▶ WORK TASK
Extract, exactly as written, the line that contains "Servietten Rehkitz im" and all lines after it through the end of the records. Omit pictures.

▶ Records excerpted from a collection
------------------------------------
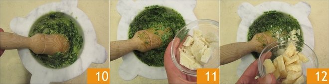 Always start with pounding movements, then moving on to circular movements 10. Make sure you scrape around the inside of the mortar with a spoon to unstick the ingredients; that way, you’ll get an even pesto. Once the consistency is creamy and even, add the pecorino 11, in chunks, and grind in the same way to incorporate it, then add the Parmigiano Reggiano 12, doing the same.
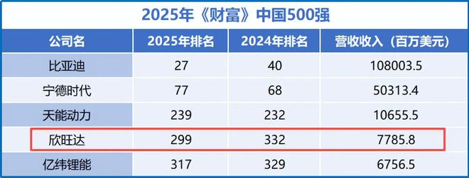 这份耀眼的成绩,也直接推动欣旺达再度登上《财富》中国500强榜单,且排名一举超过亿纬锂能,稳稳地站在了第299位,实现了从丑小鸭到白天鹅的华丽蜕变。
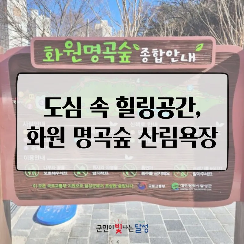 산림청 자료에 따르면, 달성군에는 명곡숲 이외에도 3개의 산림욕장이 더 있는데요. 달성군민 뿐 만 아니라, 많은 사람들의 몸과 마음을 치유하는 힐링공간으로 사랑받고 있답니다.
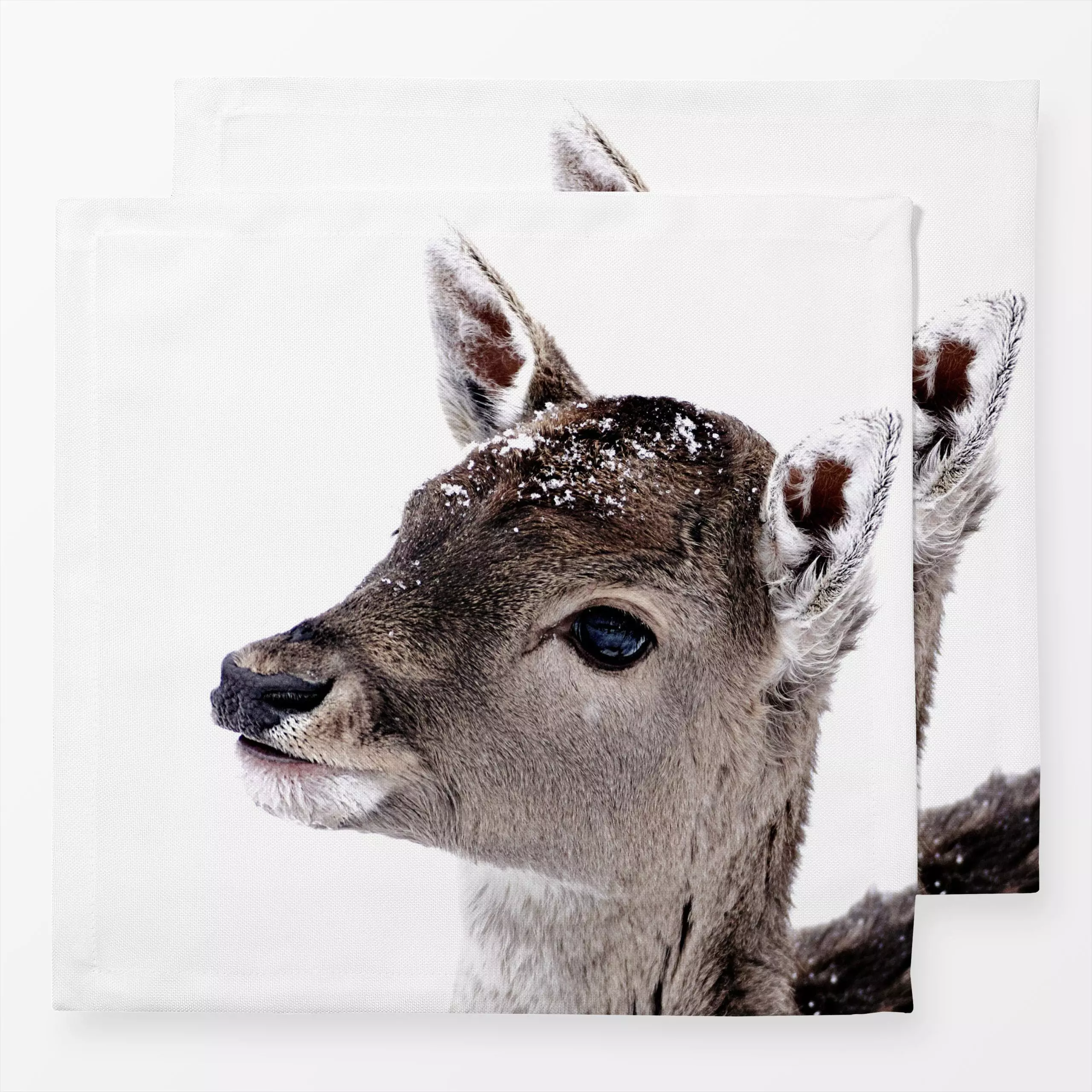 Servietten Rehkitz im Winter 2 - Tiere, Weihnachten - von „Monika Strigel"; Weihnachten, Winter, Hirsch, Scandi, Rehe, Nordi...
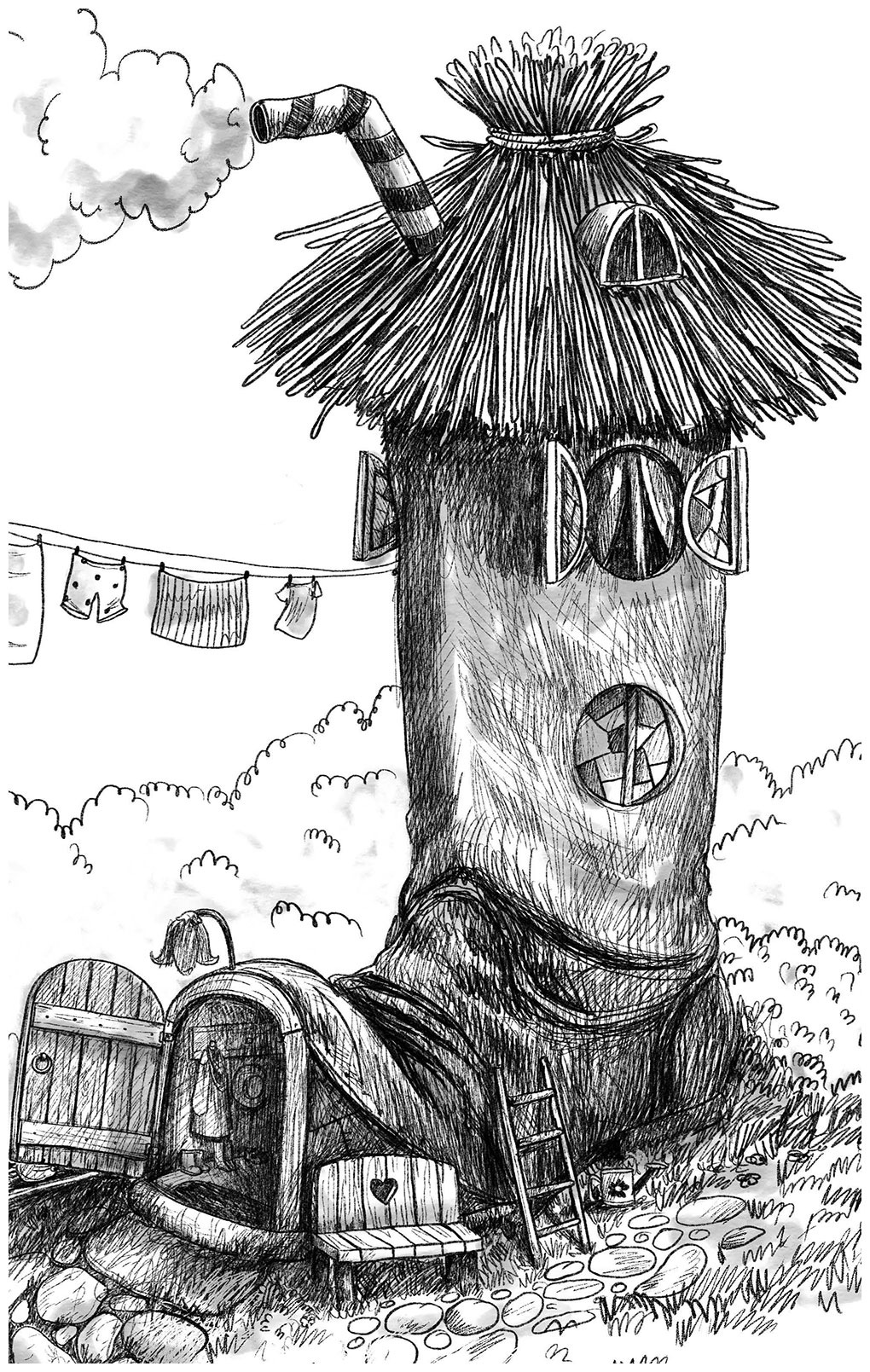 На месте, где когда-то был носок сапога, теперь стояла дверь, сверху голенище укрывала соломенная крыша, а по бокам были аккуратно прогрызены окна, украшенные разноцветными стёклышками. Но главное, что превращало сапог в дом, – это печь с торчащей из крыши трубой.
------------------------------------
▶ WRITTEN SOLUTION
 Servietten Rehkitz im Winter 2 - Tiere, Weihnachten - von „Monika Strigel"; Weihnachten, Winter, Hirsch, Scandi, Rehe, Nordi...
 На месте, где когда-то был носок сапога, теперь стояла дверь, сверху голенище укрывала соломенная крыша, а по бокам были аккуратно прогрызены окна, украшенные разноцветными стёклышками. Но главное, что превращало сапог в дом, – это печь с торчащей из крыши трубой.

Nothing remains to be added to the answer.